On Wednesday 20 April 2011 23:52:56 Rebecca Schultz Zavin wrote:
The android team's graphics folks, the their counterparts at intel, imagination tech, nvidia, qualcomm and arm have all told me that they need a method for mapping buffers uncached to userspace. The common case for this is to write vertexes, textures etc to these buffers once and never touch them again. This may happen several (or even several 10s or more) of times per frame. My experience with cache flushes on ARM architectures matches Marek's.
Ok, thanks for the confirmation on that, both of you.
Is the requirement only to have the uncached mapping in user space then while it does not need to be mapped into the kernel, or is there also a requirement to map the same buffers into the kernel address space?
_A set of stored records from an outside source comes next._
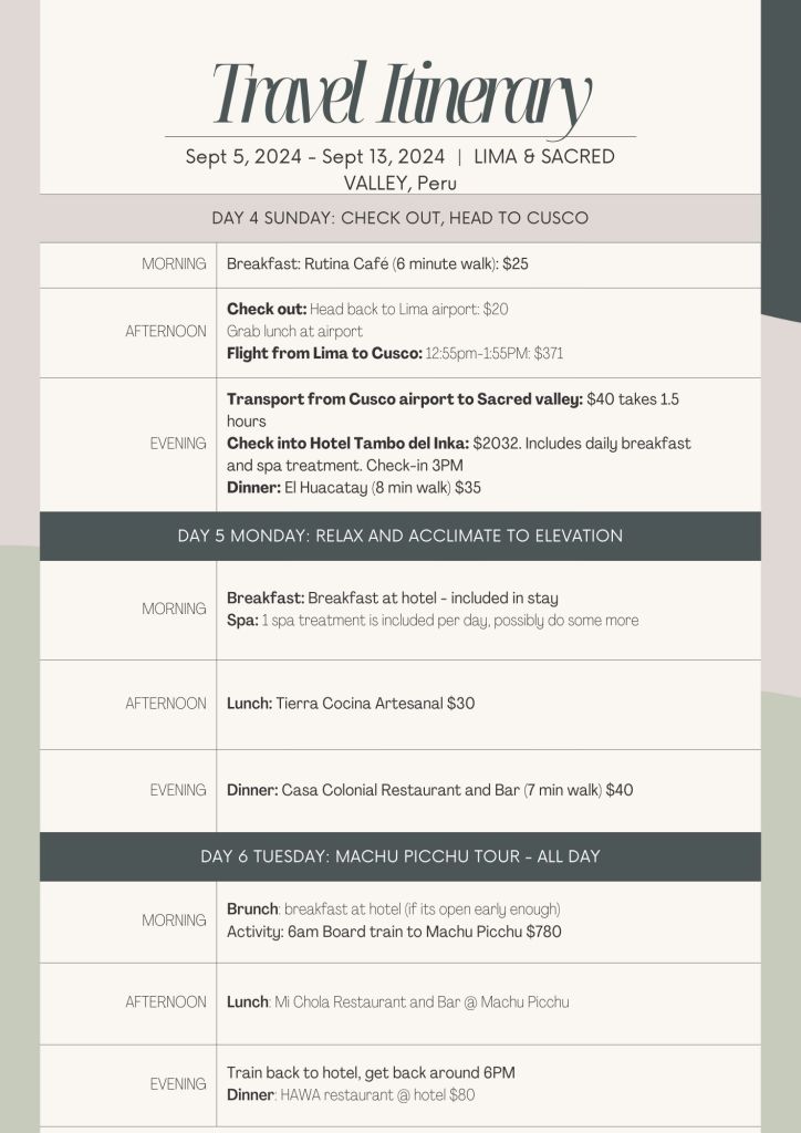 This is the travel itinerary we used for Peru with budget! I added a link for a downloadable version so you can modify it for your trip.
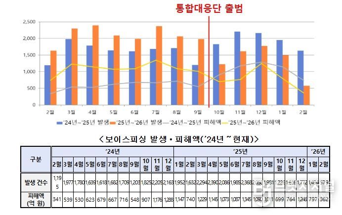 특히, 보이스피싱은 통상적으로 매년 4분기에 이전 분기보다 크게 증가하는 경향이 있었으나(’24년 ㅿ3분기 4,594건 → ㅿ4분기 6,193건, 34.8%↑), 통합대응단이 출범한 ’25년 4분기에는 오히려 이전 3분기보다 27.9% 감소(’25년 ㅿ3분기 6,407건 → ㅿ4분기 4,614건) 하여 ‘연말 피싱 특수’를 처음으로 억제했으며, 통합대응단 체계가 안착한 ’26년 2월에는 전년 동월 대비 발생 건수가 무려 64.5%(1,632건→579건) 감소했다.
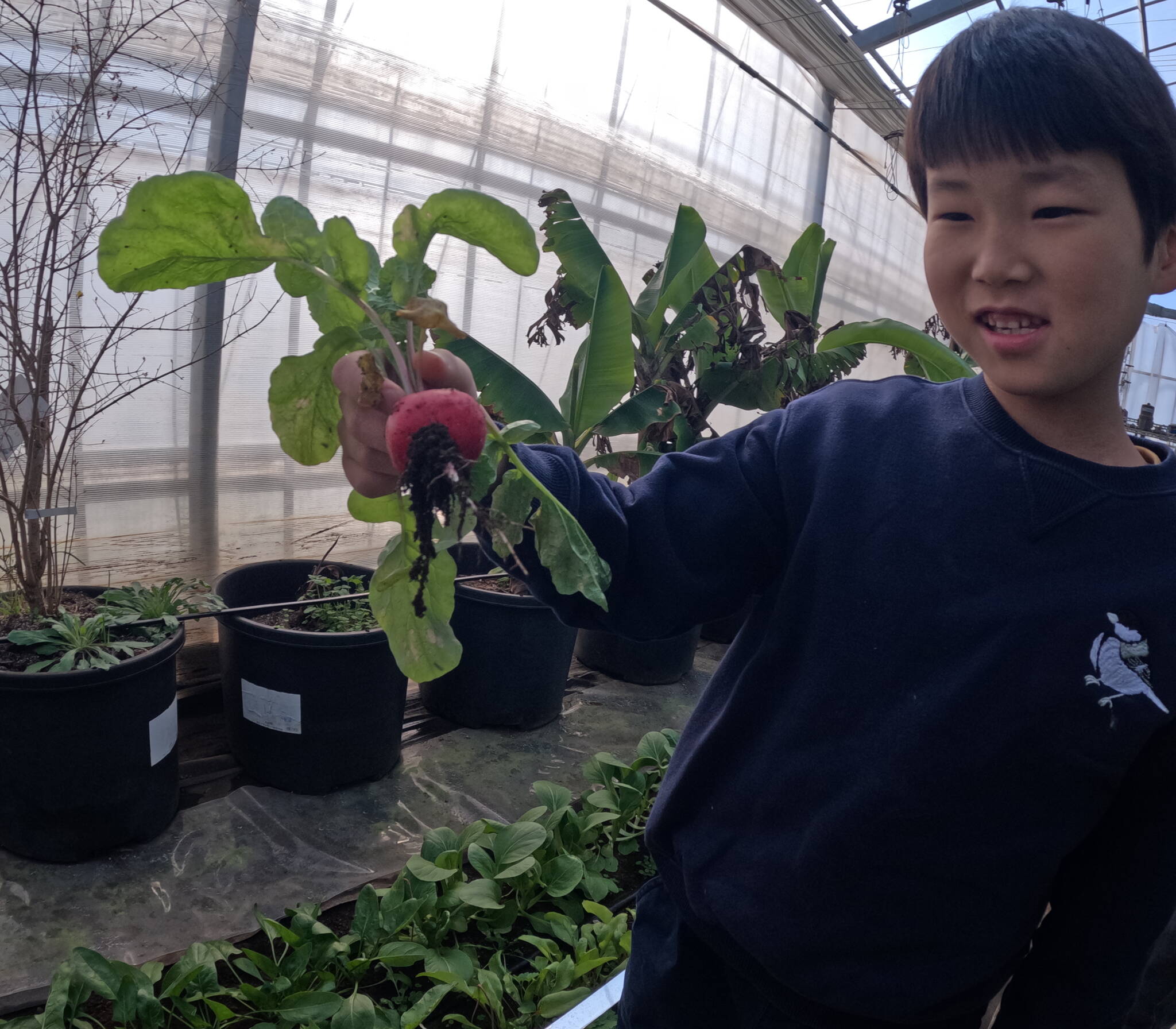 最後にお昼のシチュー用に、ラディッシュの収穫も!
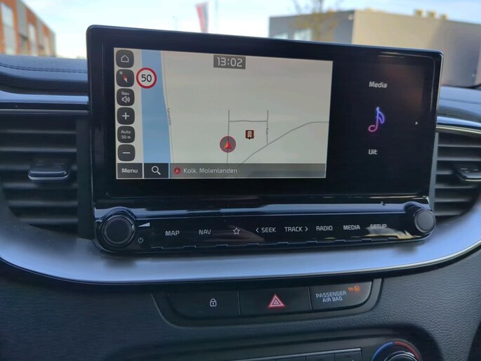Met het digitale dashboard kunt u de cockpit-interface naar uw voorkeur instellen. Afstand schatten bij het achteruitrijden? Niet nodig. U weet het precies, dankzij de achteruitrijcamera. Waar u zelf ook bent, u staat altijd in contact met de auto via de app op uw smartphone. Zo controleert u uiteenlopende functies, ook op afstand. Deze Kia is voorzien van spraakbediening voor het full map navigatiesysteem en voor het audiosysteem met DAB-ontvangst. Maar u kunt ook de knoppen op het stuur gebruiken. Kabelkluwens en stekkerslingers van smartphones zijn hier niet aan de orde. De draadloze oplaadmogelijkheid voor telefoons maakt opladen strak, simpel en snel. De uitrusting van deze Kia is met electronic climate control, regensensor, keyless entry, automatisch dimmende binnenspiegel en lederen versnellingspook behoorlijk compleet.
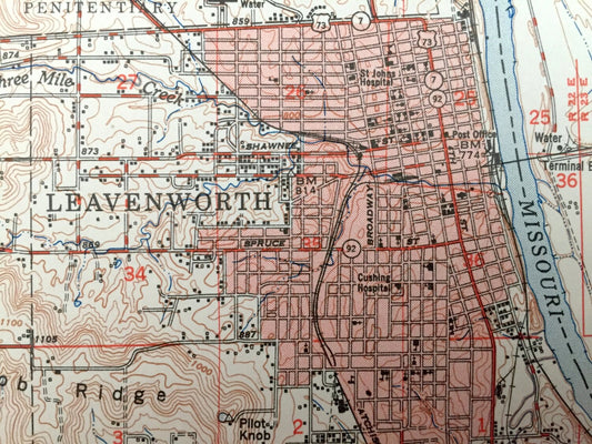 Antique Leavenworth, Kansas & Missouri River 1951 US Geological Survey Topographic Map – Kickapoo, Weston, Fair, Tracy, Platte City, Fort KS
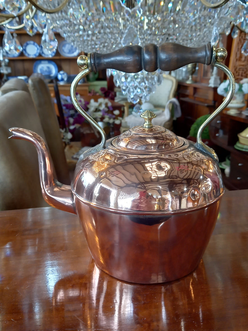非常漂亮的一款产品,铜制壶身和壶盖,配有黄铜旋钮,以及黄铜手柄和旋转木柄。壶嘴完好无损,壶盖可拆卸。手柄接头已修复。最近经过专业抛光。
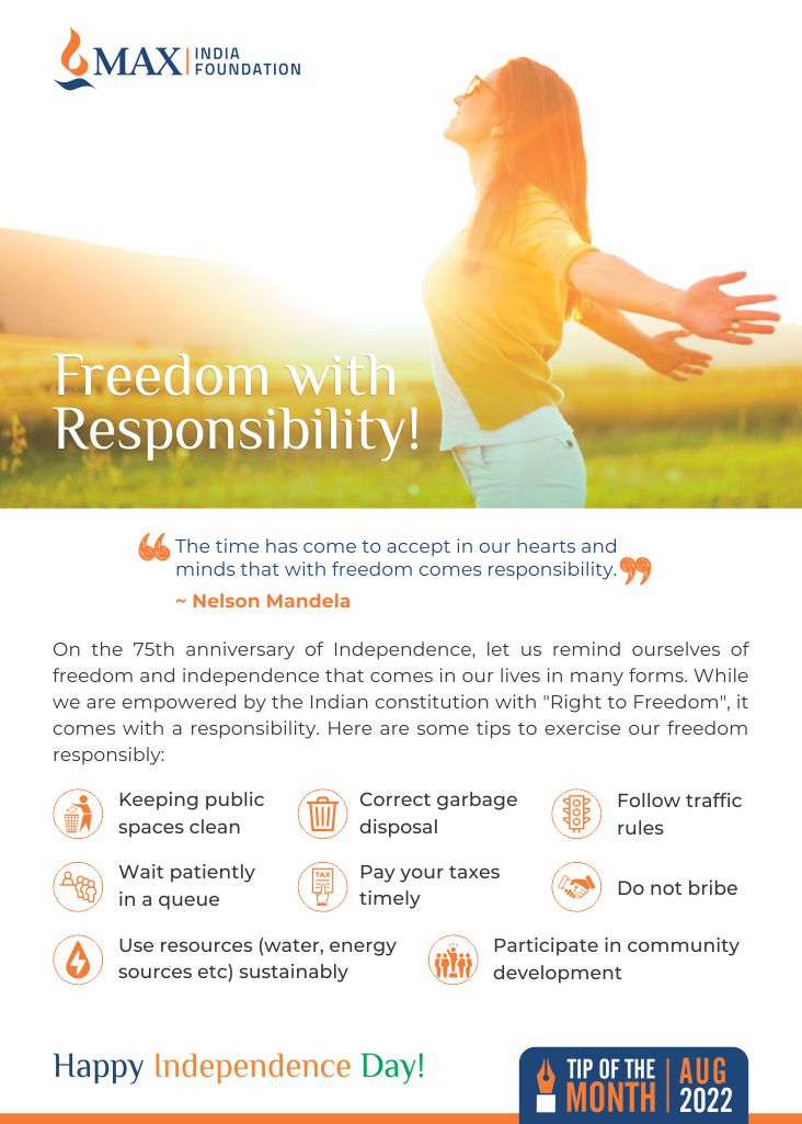 On the 75th anniversary of independence, let us remind ourselves of freedom and independence the comes in our lives in many forms…….
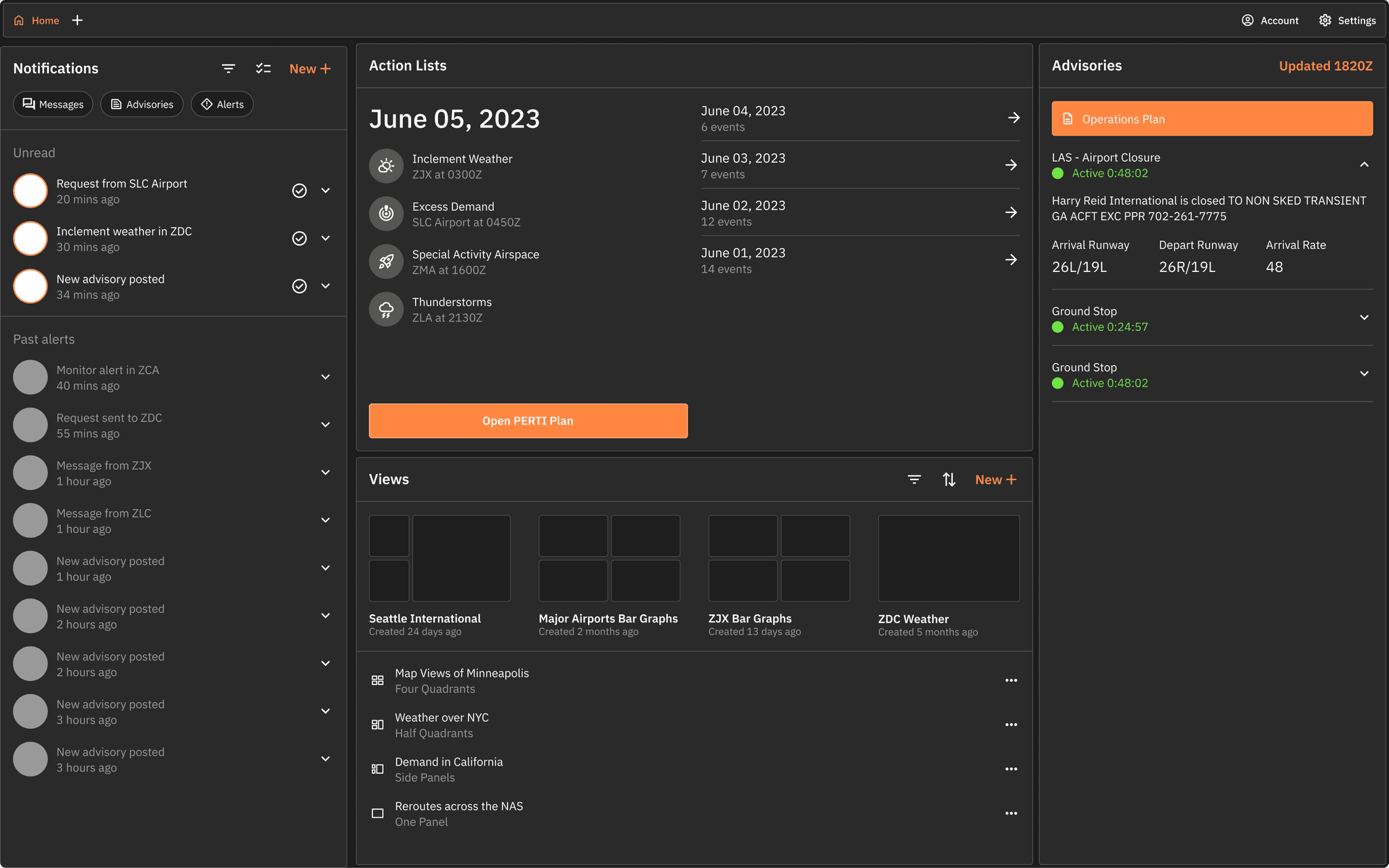 Our redesign solves this by introducing a central home page that acts as the hub for all notifications and tasks. When air traffic controllers log in, the home page displays missed messages from other airports or controllers, updates on current advisories, and a prioritized list of action items. This streamlined approach keeps controllers informed and focused, guiding them to the most urgent tasks right from the start.
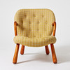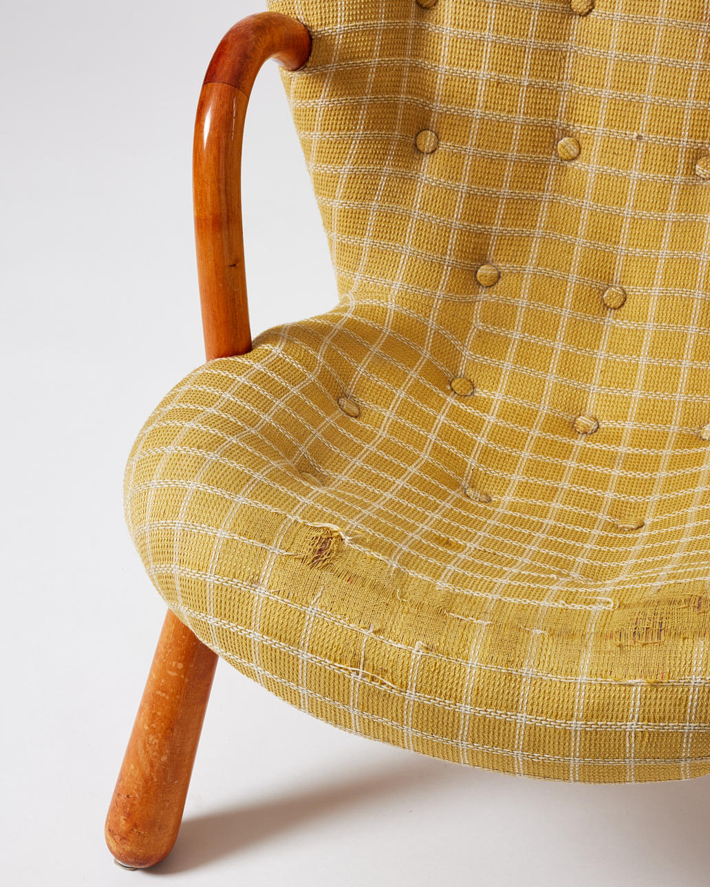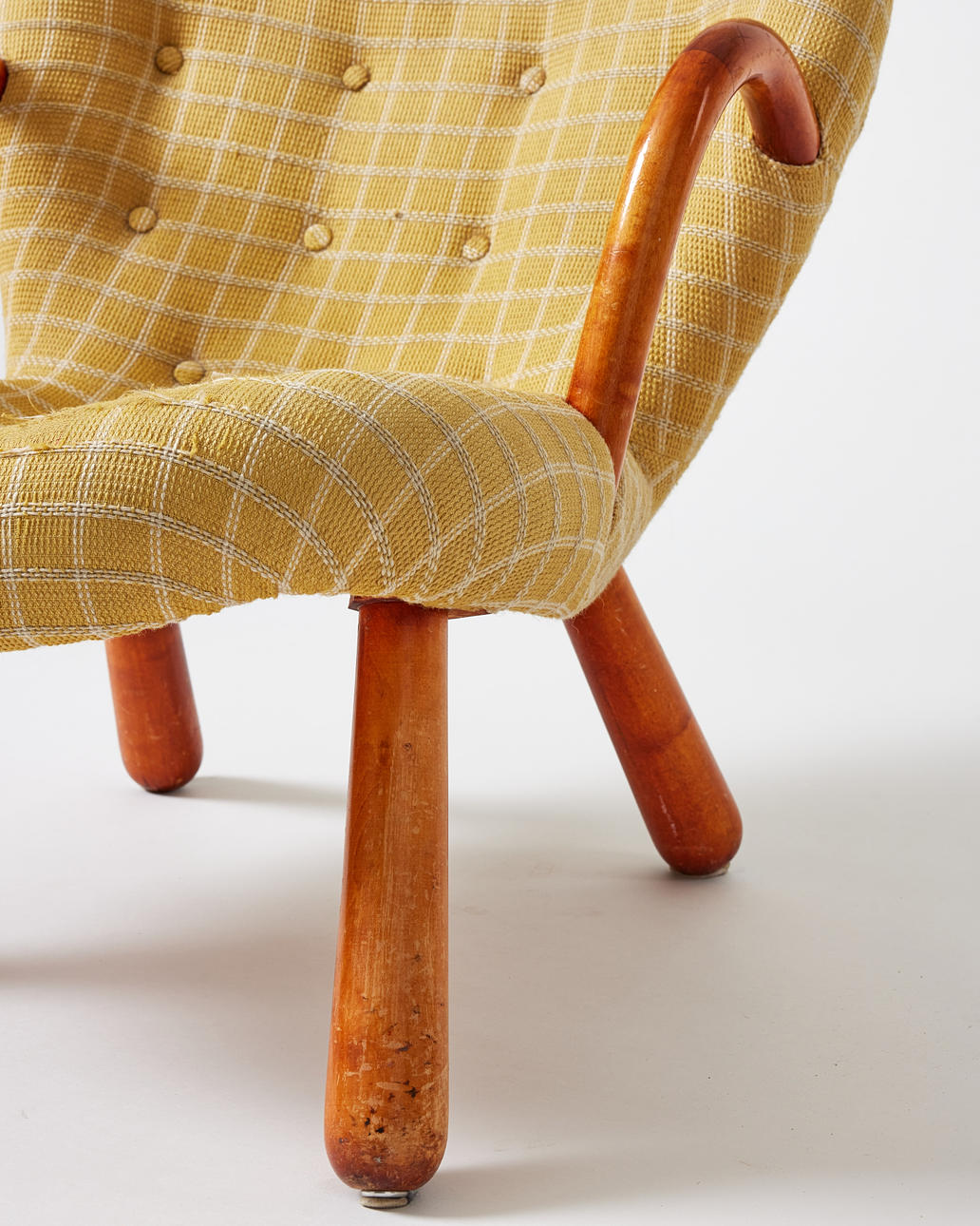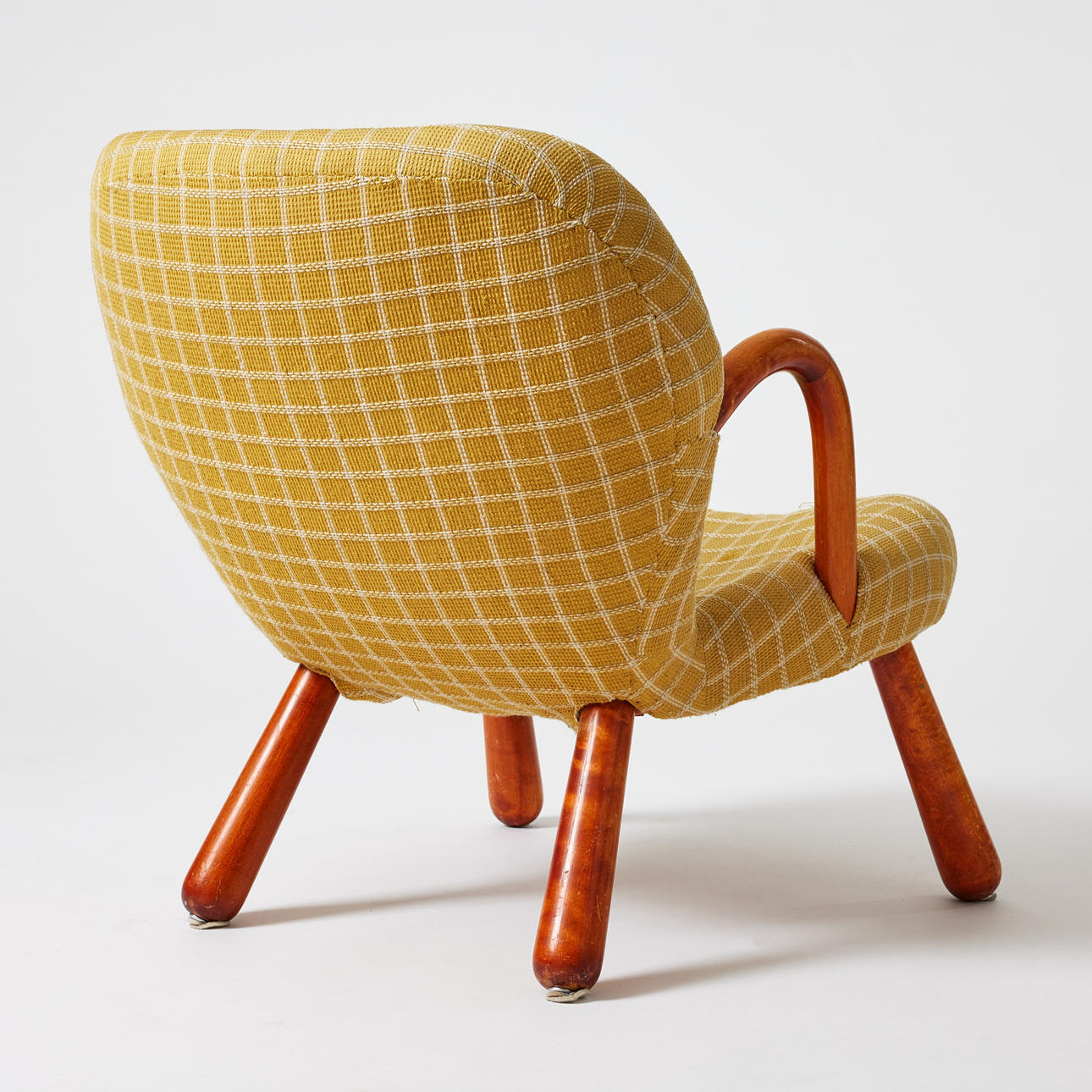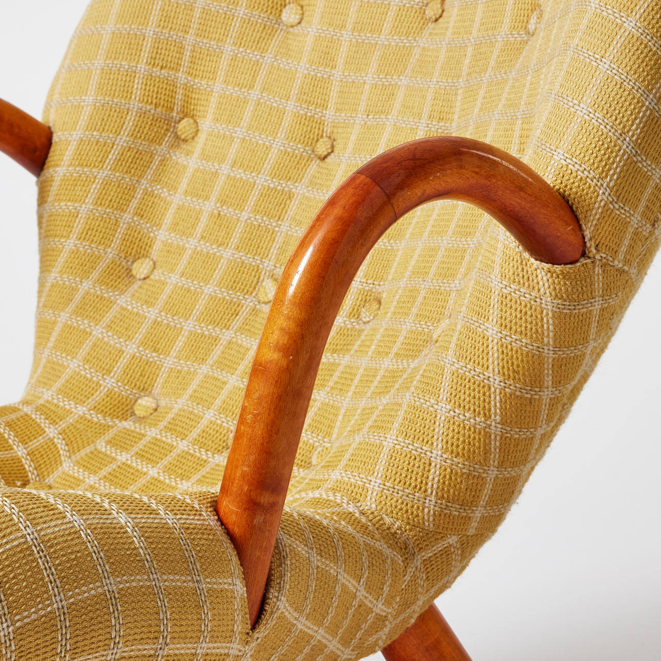 4186582. ARNOLD MADSEN. ZUGESCHRIEBEN. Sessel, „Muslingestolen/Clam Chair“, entworfen 1953, gepolsterter und gepolsterter Sitz, Beine und Armlehnen aus gebeiztem Holz, das Modell, das zuvor Philip Arctander zugeschrieben wurde.

We already allow very limited amounts of buffers to be mapped uncached into the kernel using dma_alloc_coherent(), but that is typically for stuff like descriptor tables where we have at most a few pages per device.
On coherent systems (arch_is_coherent()), we do return a cacheable mapping for dma_alloc_coherent, and I assume that you wouldn't want that, because it prevents mapping the same buffer into user space as uncached.
I suppose what we want here is a way to get a scatterlist for memory has a linear mapping on a given device and is not mapped into the kernel address space at all. This is something that is not possible with the dma-mapping interface yet. In particular, using the streaming mapping API (dma_map_sg) currently requires that the page is mapped into linear mapping because the kernel wants to do the appropriate cache flushes that we are trying to avoid.
I think the issue of contiguous memory allocation and cache attributes are totally separate, except that in cases where large contiguous regions are necessary -- the problem qualcom's pmem and friends were written to solve -- you pretty much end up needing to put aside a pool of buffers at boot anyway in order to guarantee the availability of large order allocations. Once you've done that, the attributes problem goes away since your memory is not in the direct map.
I don't think we strictly have to completely hide that pool from other users, if we decide to use the highmem approach. All pages in highmem today should be movable, so we can free up contiguous space that is not mapped by paging out the data that is there.